WHAT NEEDS TO BE DONE —
Below are some records; quote exactly the lines from the one that contains "展示室以外は無料で入場でき、" through the one that contains "Тележка платформенная Стелла-техник", inclusive, and no others.

SUPPLIED ENTRIES —
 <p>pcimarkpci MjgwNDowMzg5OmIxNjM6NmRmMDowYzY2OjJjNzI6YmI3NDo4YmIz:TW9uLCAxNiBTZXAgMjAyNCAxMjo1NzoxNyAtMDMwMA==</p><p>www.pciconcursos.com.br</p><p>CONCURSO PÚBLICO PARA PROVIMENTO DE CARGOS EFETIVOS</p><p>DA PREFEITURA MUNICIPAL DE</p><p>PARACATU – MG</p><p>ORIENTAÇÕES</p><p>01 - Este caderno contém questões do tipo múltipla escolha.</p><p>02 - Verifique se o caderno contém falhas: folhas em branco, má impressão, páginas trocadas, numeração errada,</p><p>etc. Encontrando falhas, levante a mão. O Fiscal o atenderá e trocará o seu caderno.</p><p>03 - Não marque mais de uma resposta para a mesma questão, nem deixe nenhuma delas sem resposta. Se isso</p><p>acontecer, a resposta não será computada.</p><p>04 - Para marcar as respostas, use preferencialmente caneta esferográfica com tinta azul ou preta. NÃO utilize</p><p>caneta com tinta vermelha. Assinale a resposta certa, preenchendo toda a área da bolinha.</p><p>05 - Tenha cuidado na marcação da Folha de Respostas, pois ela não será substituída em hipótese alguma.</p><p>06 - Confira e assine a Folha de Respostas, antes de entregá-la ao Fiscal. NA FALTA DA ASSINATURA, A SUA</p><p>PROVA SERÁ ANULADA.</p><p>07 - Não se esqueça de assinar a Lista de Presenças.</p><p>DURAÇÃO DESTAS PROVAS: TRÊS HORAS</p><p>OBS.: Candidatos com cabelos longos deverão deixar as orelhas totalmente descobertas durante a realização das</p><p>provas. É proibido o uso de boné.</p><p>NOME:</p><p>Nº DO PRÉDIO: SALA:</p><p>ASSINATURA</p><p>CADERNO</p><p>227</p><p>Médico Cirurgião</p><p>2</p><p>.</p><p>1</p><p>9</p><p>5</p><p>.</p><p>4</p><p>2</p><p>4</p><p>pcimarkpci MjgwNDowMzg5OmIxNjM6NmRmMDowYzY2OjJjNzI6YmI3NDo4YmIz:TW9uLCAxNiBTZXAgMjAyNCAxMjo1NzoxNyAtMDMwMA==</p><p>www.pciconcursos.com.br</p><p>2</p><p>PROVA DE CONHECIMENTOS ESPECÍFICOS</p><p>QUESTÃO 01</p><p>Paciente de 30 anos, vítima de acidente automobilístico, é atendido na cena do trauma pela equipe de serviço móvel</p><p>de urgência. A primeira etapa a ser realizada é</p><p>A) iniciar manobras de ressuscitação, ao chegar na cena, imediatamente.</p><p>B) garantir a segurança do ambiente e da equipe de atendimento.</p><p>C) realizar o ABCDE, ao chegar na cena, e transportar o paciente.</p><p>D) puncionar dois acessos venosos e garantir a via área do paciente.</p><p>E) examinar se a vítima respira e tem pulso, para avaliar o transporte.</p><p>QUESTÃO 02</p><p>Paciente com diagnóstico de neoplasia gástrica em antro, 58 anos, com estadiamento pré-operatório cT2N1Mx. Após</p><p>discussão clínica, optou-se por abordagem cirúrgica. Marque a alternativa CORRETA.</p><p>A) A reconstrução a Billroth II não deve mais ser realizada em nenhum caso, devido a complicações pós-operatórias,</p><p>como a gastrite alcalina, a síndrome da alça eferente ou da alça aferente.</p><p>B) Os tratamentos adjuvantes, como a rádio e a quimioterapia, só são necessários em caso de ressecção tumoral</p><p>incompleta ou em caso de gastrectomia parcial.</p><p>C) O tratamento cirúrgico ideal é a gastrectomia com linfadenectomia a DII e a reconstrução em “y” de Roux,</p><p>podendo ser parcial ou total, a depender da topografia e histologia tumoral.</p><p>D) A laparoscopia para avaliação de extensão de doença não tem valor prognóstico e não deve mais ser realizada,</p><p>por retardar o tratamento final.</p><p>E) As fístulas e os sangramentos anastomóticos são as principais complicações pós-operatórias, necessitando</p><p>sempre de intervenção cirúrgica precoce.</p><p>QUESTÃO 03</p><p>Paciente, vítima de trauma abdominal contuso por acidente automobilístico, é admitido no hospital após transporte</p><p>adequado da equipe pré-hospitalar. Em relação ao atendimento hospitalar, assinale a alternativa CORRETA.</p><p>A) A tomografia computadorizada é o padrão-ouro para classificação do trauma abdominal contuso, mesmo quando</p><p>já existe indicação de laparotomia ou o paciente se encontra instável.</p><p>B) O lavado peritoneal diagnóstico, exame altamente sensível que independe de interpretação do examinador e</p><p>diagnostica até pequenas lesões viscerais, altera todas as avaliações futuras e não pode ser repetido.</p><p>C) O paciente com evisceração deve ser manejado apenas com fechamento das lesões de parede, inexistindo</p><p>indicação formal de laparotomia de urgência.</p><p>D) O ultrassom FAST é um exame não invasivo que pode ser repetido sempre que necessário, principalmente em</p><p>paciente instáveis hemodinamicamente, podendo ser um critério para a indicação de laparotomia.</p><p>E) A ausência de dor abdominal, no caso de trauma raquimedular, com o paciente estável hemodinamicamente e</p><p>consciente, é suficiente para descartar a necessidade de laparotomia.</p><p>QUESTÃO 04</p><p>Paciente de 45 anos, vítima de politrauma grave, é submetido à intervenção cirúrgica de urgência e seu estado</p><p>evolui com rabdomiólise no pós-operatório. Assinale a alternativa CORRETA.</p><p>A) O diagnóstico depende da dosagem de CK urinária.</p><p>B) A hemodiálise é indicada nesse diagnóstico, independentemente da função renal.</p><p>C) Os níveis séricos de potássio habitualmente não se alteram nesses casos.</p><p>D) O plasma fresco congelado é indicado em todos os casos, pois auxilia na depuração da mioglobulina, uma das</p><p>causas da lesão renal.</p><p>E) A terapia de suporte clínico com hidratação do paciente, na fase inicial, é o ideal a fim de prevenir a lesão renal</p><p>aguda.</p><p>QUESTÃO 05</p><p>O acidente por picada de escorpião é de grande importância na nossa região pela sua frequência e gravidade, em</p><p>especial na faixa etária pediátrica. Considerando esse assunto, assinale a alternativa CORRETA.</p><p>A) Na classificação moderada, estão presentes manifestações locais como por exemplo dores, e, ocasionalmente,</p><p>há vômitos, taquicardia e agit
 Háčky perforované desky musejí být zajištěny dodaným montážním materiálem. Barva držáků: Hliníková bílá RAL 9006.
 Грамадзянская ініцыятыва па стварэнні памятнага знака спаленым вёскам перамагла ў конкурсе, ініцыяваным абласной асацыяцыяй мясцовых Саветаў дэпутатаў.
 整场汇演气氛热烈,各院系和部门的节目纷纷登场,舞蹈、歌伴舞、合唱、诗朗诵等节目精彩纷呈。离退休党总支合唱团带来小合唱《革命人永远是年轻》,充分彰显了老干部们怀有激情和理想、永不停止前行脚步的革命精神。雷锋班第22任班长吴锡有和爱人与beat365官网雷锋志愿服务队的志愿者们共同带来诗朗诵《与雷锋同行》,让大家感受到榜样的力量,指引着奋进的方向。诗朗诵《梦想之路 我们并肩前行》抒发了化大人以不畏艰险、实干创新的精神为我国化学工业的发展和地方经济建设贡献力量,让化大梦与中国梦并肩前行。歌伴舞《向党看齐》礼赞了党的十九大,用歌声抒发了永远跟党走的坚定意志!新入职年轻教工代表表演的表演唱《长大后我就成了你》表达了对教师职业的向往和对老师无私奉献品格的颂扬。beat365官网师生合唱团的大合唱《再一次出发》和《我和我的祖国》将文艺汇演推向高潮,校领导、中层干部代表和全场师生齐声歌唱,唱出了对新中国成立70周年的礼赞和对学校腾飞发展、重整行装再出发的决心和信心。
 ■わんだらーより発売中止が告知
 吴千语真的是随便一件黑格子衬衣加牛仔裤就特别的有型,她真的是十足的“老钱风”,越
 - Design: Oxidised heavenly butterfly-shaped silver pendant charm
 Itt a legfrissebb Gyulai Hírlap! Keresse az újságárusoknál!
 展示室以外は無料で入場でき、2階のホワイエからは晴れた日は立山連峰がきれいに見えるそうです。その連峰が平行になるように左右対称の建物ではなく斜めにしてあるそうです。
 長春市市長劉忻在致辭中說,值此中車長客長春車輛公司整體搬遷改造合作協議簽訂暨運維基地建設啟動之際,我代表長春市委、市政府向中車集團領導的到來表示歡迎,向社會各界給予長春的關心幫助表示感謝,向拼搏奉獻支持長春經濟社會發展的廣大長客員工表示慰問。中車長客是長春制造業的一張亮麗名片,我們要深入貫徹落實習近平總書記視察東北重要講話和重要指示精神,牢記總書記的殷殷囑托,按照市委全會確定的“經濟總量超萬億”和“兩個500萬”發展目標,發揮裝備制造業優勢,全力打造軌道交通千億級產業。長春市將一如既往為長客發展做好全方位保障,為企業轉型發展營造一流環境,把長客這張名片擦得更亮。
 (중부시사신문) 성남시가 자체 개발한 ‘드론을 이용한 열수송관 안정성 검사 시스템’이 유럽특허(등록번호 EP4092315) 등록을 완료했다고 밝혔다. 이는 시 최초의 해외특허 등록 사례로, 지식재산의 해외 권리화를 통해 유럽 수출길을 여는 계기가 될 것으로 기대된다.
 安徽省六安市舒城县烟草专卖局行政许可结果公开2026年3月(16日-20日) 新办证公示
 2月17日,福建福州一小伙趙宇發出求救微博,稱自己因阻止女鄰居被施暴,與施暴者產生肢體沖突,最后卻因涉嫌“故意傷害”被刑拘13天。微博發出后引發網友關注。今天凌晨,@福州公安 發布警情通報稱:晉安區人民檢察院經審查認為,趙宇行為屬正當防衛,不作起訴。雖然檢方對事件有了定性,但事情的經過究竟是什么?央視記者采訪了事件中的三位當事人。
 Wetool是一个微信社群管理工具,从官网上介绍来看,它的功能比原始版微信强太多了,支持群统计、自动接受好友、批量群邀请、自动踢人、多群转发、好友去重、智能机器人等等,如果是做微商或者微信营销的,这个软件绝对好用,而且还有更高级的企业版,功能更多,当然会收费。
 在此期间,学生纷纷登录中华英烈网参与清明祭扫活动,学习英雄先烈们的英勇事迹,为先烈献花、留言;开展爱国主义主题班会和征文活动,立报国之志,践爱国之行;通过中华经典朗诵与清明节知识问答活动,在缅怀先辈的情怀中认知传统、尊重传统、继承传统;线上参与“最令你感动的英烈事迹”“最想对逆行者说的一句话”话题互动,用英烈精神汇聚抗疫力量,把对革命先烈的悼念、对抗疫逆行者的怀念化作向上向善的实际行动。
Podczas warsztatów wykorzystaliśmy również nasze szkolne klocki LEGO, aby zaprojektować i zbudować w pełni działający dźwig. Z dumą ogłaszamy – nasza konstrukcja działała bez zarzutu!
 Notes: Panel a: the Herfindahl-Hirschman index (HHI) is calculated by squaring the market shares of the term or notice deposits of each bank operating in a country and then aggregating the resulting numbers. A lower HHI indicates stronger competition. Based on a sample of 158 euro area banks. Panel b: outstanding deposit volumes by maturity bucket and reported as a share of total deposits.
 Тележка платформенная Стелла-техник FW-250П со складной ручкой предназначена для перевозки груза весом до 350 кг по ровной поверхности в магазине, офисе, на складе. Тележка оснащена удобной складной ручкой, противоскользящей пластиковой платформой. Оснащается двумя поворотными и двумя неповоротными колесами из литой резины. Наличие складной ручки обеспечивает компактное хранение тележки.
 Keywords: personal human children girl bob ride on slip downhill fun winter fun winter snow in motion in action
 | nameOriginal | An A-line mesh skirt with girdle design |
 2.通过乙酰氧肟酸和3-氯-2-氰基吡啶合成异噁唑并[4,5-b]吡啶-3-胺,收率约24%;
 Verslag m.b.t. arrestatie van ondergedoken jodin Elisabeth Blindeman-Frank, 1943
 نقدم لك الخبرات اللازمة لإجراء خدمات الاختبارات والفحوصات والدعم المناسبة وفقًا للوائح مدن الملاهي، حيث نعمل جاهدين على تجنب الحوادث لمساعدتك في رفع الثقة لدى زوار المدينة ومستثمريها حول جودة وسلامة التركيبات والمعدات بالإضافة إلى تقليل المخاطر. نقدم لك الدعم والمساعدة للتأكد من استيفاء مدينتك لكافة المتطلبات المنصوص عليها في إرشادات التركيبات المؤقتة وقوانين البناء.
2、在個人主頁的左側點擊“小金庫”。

REPLY TO THE EXERCISE —
 展示室以外は無料で入場でき、2階のホワイエからは晴れた日は立山連峰がきれいに見えるそうです。その連峰が平行になるように左右対称の建物ではなく斜めにしてあるそうです。
 長春市市長劉忻在致辭中說,值此中車長客長春車輛公司整體搬遷改造合作協議簽訂暨運維基地建設啟動之際,我代表長春市委、市政府向中車集團領導的到來表示歡迎,向社會各界給予長春的關心幫助表示感謝,向拼搏奉獻支持長春經濟社會發展的廣大長客員工表示慰問。中車長客是長春制造業的一張亮麗名片,我們要深入貫徹落實習近平總書記視察東北重要講話和重要指示精神,牢記總書記的殷殷囑托,按照市委全會確定的“經濟總量超萬億”和“兩個500萬”發展目標,發揮裝備制造業優勢,全力打造軌道交通千億級產業。長春市將一如既往為長客發展做好全方位保障,為企業轉型發展營造一流環境,把長客這張名片擦得更亮。
 (중부시사신문) 성남시가 자체 개발한 ‘드론을 이용한 열수송관 안정성 검사 시스템’이 유럽특허(등록번호 EP4092315) 등록을 완료했다고 밝혔다. 이는 시 최초의 해외특허 등록 사례로, 지식재산의 해외 권리화를 통해 유럽 수출길을 여는 계기가 될 것으로 기대된다.
 安徽省六安市舒城县烟草专卖局行政许可结果公开2026年3月(16日-20日) 新办证公示
 2月17日,福建福州一小伙趙宇發出求救微博,稱自己因阻止女鄰居被施暴,與施暴者產生肢體沖突,最后卻因涉嫌“故意傷害”被刑拘13天。微博發出后引發網友關注。今天凌晨,@福州公安 發布警情通報稱:晉安區人民檢察院經審查認為,趙宇行為屬正當防衛,不作起訴。雖然檢方對事件有了定性,但事情的經過究竟是什么?央視記者采訪了事件中的三位當事人。
 Wetool是一个微信社群管理工具,从官网上介绍来看,它的功能比原始版微信强太多了,支持群统计、自动接受好友、批量群邀请、自动踢人、多群转发、好友去重、智能机器人等等,如果是做微商或者微信营销的,这个软件绝对好用,而且还有更高级的企业版,功能更多,当然会收费。
 在此期间,学生纷纷登录中华英烈网参与清明祭扫活动,学习英雄先烈们的英勇事迹,为先烈献花、留言;开展爱国主义主题班会和征文活动,立报国之志,践爱国之行;通过中华经典朗诵与清明节知识问答活动,在缅怀先辈的情怀中认知传统、尊重传统、继承传统;线上参与“最令你感动的英烈事迹”“最想对逆行者说的一句话”话题互动,用英烈精神汇聚抗疫力量,把对革命先烈的悼念、对抗疫逆行者的怀念化作向上向善的实际行动。
Podczas warsztatów wykorzystaliśmy również nasze szkolne klocki LEGO, aby zaprojektować i zbudować w pełni działający dźwig. Z dumą ogłaszamy – nasza konstrukcja działała bez zarzutu!
 Notes: Panel a: the Herfindahl-Hirschman index (HHI) is calculated by squaring the market shares of the term or notice deposits of each bank operating in a country and then aggregating the resulting numbers. A lower HHI indicates stronger competition. Based on a sample of 158 euro area banks. Panel b: outstanding deposit volumes by maturity bucket and reported as a share of total deposits.
 Тележка платформенная Стелла-техник FW-250П со складной ручкой предназначена для перевозки груза весом до 350 кг по ровной поверхности в магазине, офисе, на складе. Тележка оснащена удобной складной ручкой, противоскользящей пластиковой платформой. Оснащается двумя поворотными и двумя неповоротными колесами из литой резины. Наличие складной ручки обеспечивает компактное хранение тележки.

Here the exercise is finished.